Policy focus: Tariffs
Climate investors’ focus: Climate risk in corporate supply chains
Common ground: Supply chain transparency
Climate investors seek to analyze companies’ exposure to and potential financial impact of climate physical and transition risks in corporate supply chains. With the near ubiquity of tariffs, companies will need to better understand their global web of suppliers to make sourcing decisions and optimize costs. Companies need to share this strategy with investors as well. Climate investors may want to identify companies with disclosures on greenhouse gas emissions and the physical risks facing the property, plants, and equipment of vendors along their supply chain. Private companies offering solutions that support supply chain management and transparency are of interest.

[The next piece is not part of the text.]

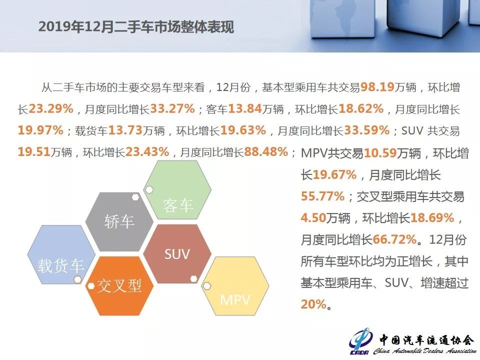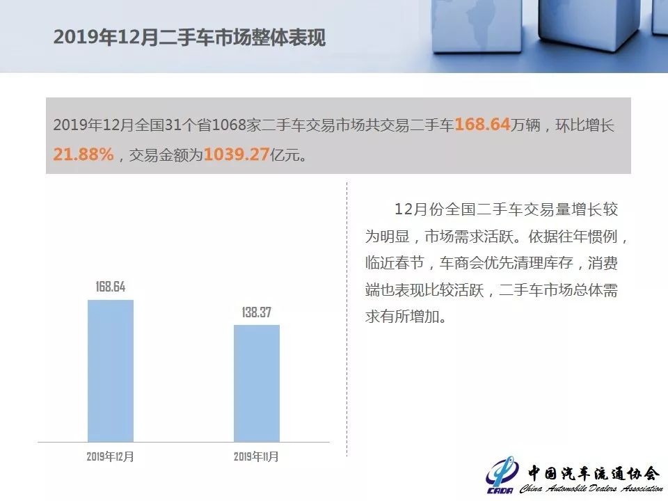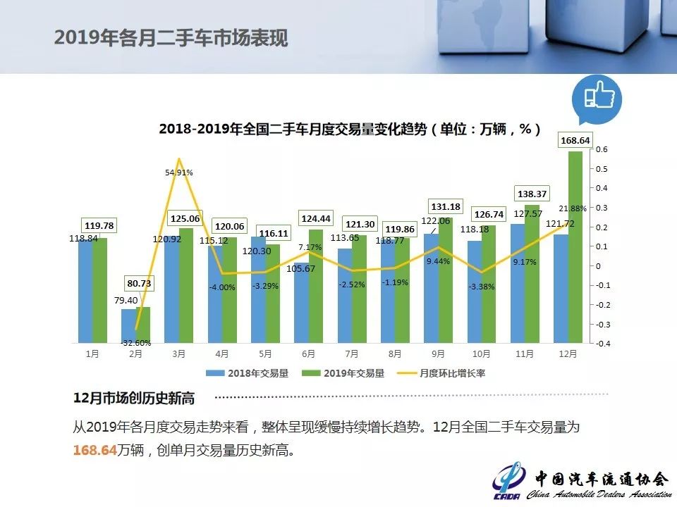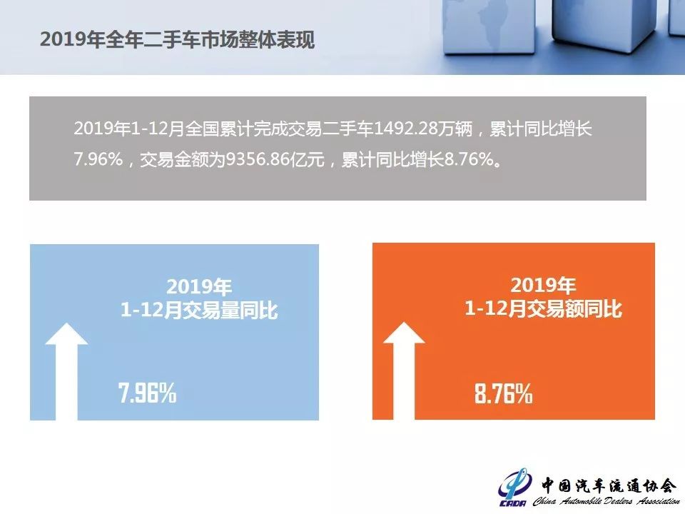 据中国汽车流通协会统计,2019年1-12月全国累计完成交易二手车1492.28万辆,累计同比增长7.96%,交易金额为9356.86亿元,累计同比增长8.76。
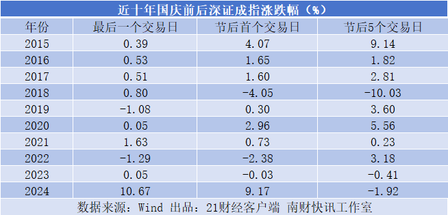 据21财经·南财快讯记者统计,节后市场表现通常更为积极。近十年数据显示,国庆节后首个交易日上证指数、深证成指上涨概率均为70%。节后5个交易日的上涨概率也整体较高,分别达到60%和70%。

Policy focus: Supporting US farmers
Climate investors’ focus: Emissions reductions
Common ground: Biofuels
The Trump administration supports agriculture-based biofuel policies as a means of helping US farmers. While margins are negative for many crops, soybean oil is a notable exception. The administration has increased the Renewable Volume Obligation (annual renewable-blend requirement for gas and diesel refiners and importers). We believe federal policy, along with a constructive outlook on California’s Low Carbon Fuel Standard credits, is bullish for certain commodities and has implications for agriculture-related stocks.
Closing thoughts
For asset owners seeking to earn investment returns and direct capital toward solutions that address climate change, the current macro and market environment presents a wide range of investment opportunities. Although certain economic dynamics have created challenges for the US energy transition so far, government policies aimed at AI innovation and dominance, industrial onshoring, and domestic energy security are beginning to accelerate the shift toward a more diversified energy mix. This shift is creating areas of the market that align with the goals of climate investors and US policymakers, who are seeking to spur economic growth.
Companies in strategic sectors, including hyperscalers, semiconductors, auto manufacturing, and electric and water utilities, are investing heavily in technology and solutions that have positive direct and indirect climate impacts. From extreme weather resilience and energy infrastructure upgrades to bipartisan support for nuclear power and innovation in battery technology, the path forward involves a multifaceted approach. By leveraging these opportunities, asset owners can support a sustainable and resilient energy future while investing in areas with potentially long runways for growth.